Each of the fourth million passengers whose trip plan was destroyed by the sudden closure of Hitro Airport on Friday simply wanted to reach their tickets. There was no good way to learn because of a fire in a power post that had reduced power to Europe’s busiest airport.
For 30,000 cruel passengers or on night flights to the west of London, it was a statement from the pilot who says the aircraft would be transported to a corner of a foreign airport: probably Riciavik, perhaps Cairo. Even worse, perhaps: after four hours of flying to London, a quick rotation as a plane returned to its starting point, both in Delhi and in New York. Back to a square
The other 100,000 people never went beyond the square. These were the people who booked Hitro on the flight. Many of them had begun their trip to the airport in the small Friday hours, just to receive a brutal message: “We are really sorry that your future flight has been canceled on Friday 21 March 2025.” Happiness and excitement were crushed in a moment.
The equal number of passengers formed a foreign legion scattered at airports around the world. Some of them returned from holidays or business trips home. Some other visitors abroad were from England. Maybe a few people were happy. If I was a British Airways traveler from Singapore and re -booked three days later, I might have enjoyed the airline’s commitment to prepare a hotel room and meals for a long time. But the vast majority were somewhere from the spectrum from despair to distress.

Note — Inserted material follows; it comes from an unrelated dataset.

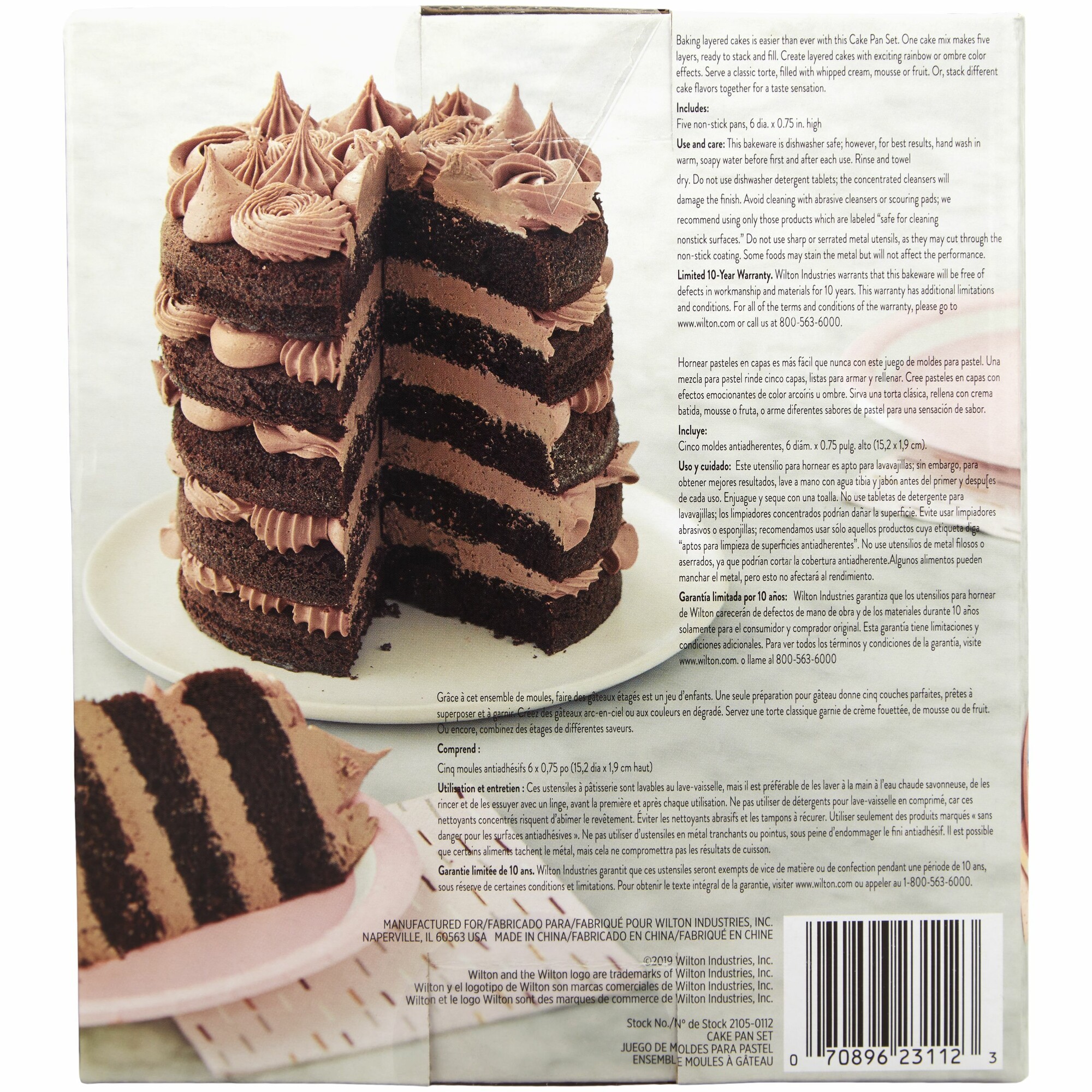 Set de 5 moldes redondos para hornear 5 capas de bizcocho. Marca Wilton

Beyond personal stories of discomfort, airlines are chasing. The financial blow to the lost income, the cost of care, and the cost of recovering aircraft from different locations where Friday morning on the ground, I estimate, conservatively estimates £ 100m. More than half of this loss will be sustained by British Airways. Long -term, BA will gain a fame even if the last melting is beyond its control.
For British Airways, the transfer of passengers is an essential part of the business composition. Hitro Airport is competing with key continental poles: Amsterdam, Paris CDG and Frankfurt, where champagne Kork was emerging on Friday night after another major decline in England. If the British flagship airport gained the celebration (more), then travelers who choose how to enter Athens to Atlanta will choose another route.
When BA suspended its “middle chair” in Club Europe to release more seats for field travelers, you can say that things are really bad. The last time it happened? When Recovering NATS Air Control Control In August Bank Holiday in 2023.
Once again, England looks a bit of laughter stock. Everything else, and I start a t -shirt of the journey: Choose between “Shannon, March 21, 2025” and “24 hours in Gatwick, August 2023”. There is no gap in the system and once again the passenger pays the price.
Simon Calder, also as a man who pays his own way, has written about traveling to The Independent since 1994. In his weekly opinion column, he examines a major issue of travel – and what does this mean to you.